• What needs to be done
Would you print the data below exactly, leaving out every picture?

• Collected material
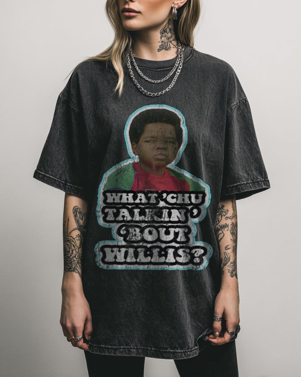 Remember Gary Coleman’s Iconic Catchphrase? Step back into classic 70s TV with this ‘What’chu talkin’ ’bout, Willis?’ Gary Coleman Retro TV Tee, a fan-created design inspired by the legendary Different Strokes show. Featuring the unforgettable quote on a black acidwash 100% cotton shirt, it’s perfect for fans of vintage television. Why This Retro TV Show…
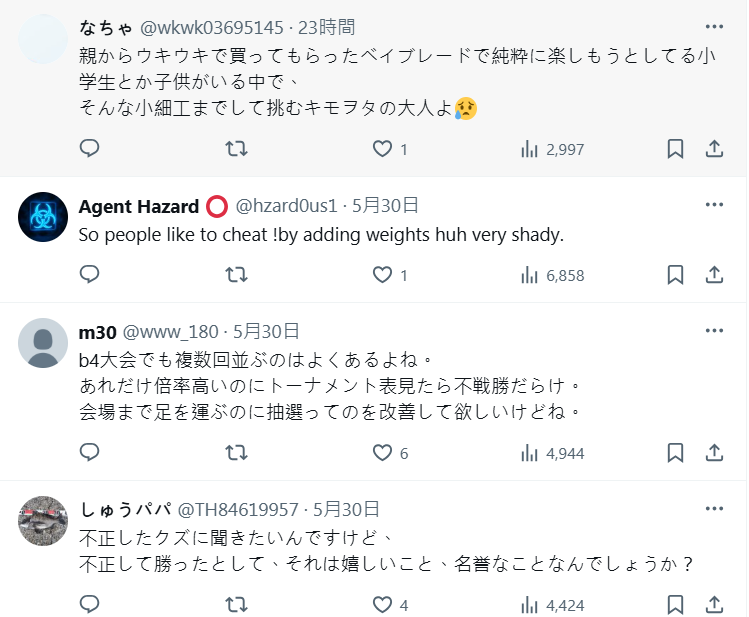 也看得出日本網友不少人也在吐槽戰鬥陀螺比賽越來越像漫畫裡的世界,不只有改造、還有作弊、偷陀螺的亂象,現在居然還有人變裝為了重複報名增加分母勝率,引起不少網友憤怒或苦笑的回應。
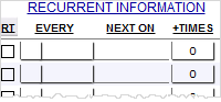 Under the Recurrent Information from the image above, EVERY is the month the task will occur, NEXT ON is the date of the next task, and TIMES is the number of times the task will occur.

• Answer box
 Remember Gary Coleman’s Iconic Catchphrase? Step back into classic 70s TV with this ‘What’chu talkin’ ’bout, Willis?’ Gary Coleman Retro TV Tee, a fan-created design inspired by the legendary Different Strokes show. Featuring the unforgettable quote on a black acidwash 100% cotton shirt, it’s perfect for fans of vintage television. Why This Retro TV Show…
 也看得出日本網友不少人也在吐槽戰鬥陀螺比賽越來越像漫畫裡的世界,不只有改造、還有作弊、偷陀螺的亂象,現在居然還有人變裝為了重複報名增加分母勝率,引起不少網友憤怒或苦笑的回應。
 Under the Recurrent Information from the image above, EVERY is the month the task will occur, NEXT ON is the date of the next task, and TIMES is the number of times the task will occur.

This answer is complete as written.